Now when trying to start the node I get this

PS C:\Users\kyte7\safe> C:\Users\kyte7\safe\safenode-manager start
=================================================
             Start Safenode Services
=================================================
Refreshing the node registry...
Attempting to start safenode4...
Failed to start 1 service(s):
←[31m✕←[0m safenode4: [SC] StartService FAILED 1053:

The service did not respond to the start or control request in a timely fashion.


Error:
   0: ←[91mFailed to start one or more services←[0m

Location:
   ←[35msn_node_manager\src\cmd\node.rs←[0m:←[35m421←[0m

Backtrace omitted. Run with RUST_BACKTRACE=1 environment variable to display it.
Run with RUST_BACKTRACE=full to include source snippets.

What am I doing wrong? I assume mostly everything I don’t have a clue what I am doing.

chriso · March 31, 2024, 4:36pm

Hey Josh,

You don’t actually need to use WinSW, you just need to make it available somewhere that is on PATH. The node manager will then use it to generate service definitions.

So you can remove the configuration file–the node manager will generate one of those for each service.

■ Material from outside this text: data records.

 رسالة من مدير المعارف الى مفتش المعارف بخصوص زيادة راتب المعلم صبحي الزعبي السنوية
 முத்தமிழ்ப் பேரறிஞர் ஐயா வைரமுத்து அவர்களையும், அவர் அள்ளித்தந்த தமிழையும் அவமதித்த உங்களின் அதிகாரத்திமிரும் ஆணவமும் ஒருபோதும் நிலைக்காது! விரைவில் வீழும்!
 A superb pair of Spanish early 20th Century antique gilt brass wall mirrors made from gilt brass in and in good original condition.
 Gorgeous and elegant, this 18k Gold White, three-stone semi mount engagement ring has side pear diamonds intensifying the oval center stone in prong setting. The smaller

The usage of the node manager is otherwise the same on Windows. So, add, then start etc.

anon26713768 · March 31, 2024, 6:27pm

Still getting the timeout, looks like the --peer is not added if you look at he status.

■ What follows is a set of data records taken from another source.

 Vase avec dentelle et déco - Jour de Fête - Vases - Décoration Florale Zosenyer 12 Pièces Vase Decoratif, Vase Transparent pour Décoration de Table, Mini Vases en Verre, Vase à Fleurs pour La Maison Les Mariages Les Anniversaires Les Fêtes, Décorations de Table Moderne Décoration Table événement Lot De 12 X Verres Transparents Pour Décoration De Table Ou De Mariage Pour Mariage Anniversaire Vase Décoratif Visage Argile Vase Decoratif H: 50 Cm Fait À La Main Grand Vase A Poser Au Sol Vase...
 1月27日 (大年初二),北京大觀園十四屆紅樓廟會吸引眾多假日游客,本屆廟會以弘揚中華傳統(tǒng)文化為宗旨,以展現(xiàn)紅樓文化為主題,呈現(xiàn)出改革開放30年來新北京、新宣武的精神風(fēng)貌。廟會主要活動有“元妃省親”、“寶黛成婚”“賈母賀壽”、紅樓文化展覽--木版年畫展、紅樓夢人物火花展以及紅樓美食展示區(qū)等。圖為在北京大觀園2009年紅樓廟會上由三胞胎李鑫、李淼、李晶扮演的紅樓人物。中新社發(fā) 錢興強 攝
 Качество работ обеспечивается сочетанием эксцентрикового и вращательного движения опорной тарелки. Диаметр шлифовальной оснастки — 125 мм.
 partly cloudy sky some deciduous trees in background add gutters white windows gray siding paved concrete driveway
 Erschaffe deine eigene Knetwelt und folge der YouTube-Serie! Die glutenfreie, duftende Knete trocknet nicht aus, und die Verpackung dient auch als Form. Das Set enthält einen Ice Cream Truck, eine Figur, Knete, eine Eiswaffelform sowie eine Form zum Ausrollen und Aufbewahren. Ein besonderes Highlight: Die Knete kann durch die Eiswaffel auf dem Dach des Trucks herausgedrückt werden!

PS C:\Windows\system32> C:\Users\kyte7\safe\safenode-manager add --count 1 --peer /ip4/144.126.194.103/udp/55644/quic-v1/p2p/12D3KooWFSYX9kwZKnsbBn263VpCkW8EvpE6DG7nBinLgF66USTT --node-port 15555 --version 0.105.2
=================================================
              Add Safenode Services
=================================================
1 service(s) to be added
Downloading safenode version 0.105.2...
Download completed: C:\Users\kyte7\AppData\Local\Temp\d3df1113-ae39-4ff0-8622-fab447431745\safenode.exe
Services Added:
 ✓ safenode1
    - Safenode path: C:\ProgramData\safenode\data\safenode1\safenode.exe
    - Data path: C:\ProgramData\safenode\data\safenode1
    - Log path: C:\ProgramData\safenode\logs\safenode1
    - RPC port: 127.0.0.1:49993
[!] Note: newly added services have not been started
PS C:\Windows\system32> C:\Users\kyte7\safe\safenode-manager start
=================================================
             Start Safenode Services
=================================================
Refreshing the node registry...
Attempting to start safenode1...
Failed to start 1 service(s):
←[31m✕←[0m safenode1: [SC] StartService FAILED 1053:

The service did not respond to the start or control request in a timely fashion.


Error:
   0: ←[91mFailed to start one or more services←[0m

Location:
   ←[35msn_node_manager\src\cmd\node.rs←[0m:←[35m421←[0m

Backtrace omitted. Run with RUST_BACKTRACE=1 environment variable to display it.
Run with RUST_BACKTRACE=full to include source snippets.
PS C:\Windows\system32> C:\Users\kyte7\safe\safenode-manager status
=================================================
                Safenode Services
=================================================
Refreshing the node registry...
Service Name       Peer ID                                              Status  Connected Peers
safenode1          -                                                    ←[33mADDED←[0m               -
PS C:\Windows\system32> C:\Users\kyte7\safe\safenode-manager add --help
Add one or more safenode services.

chriso · March 31, 2024, 6:33pm

It’s not picking up WinSW and rather is attempting to use sc.exe. The node doesn’t work with that.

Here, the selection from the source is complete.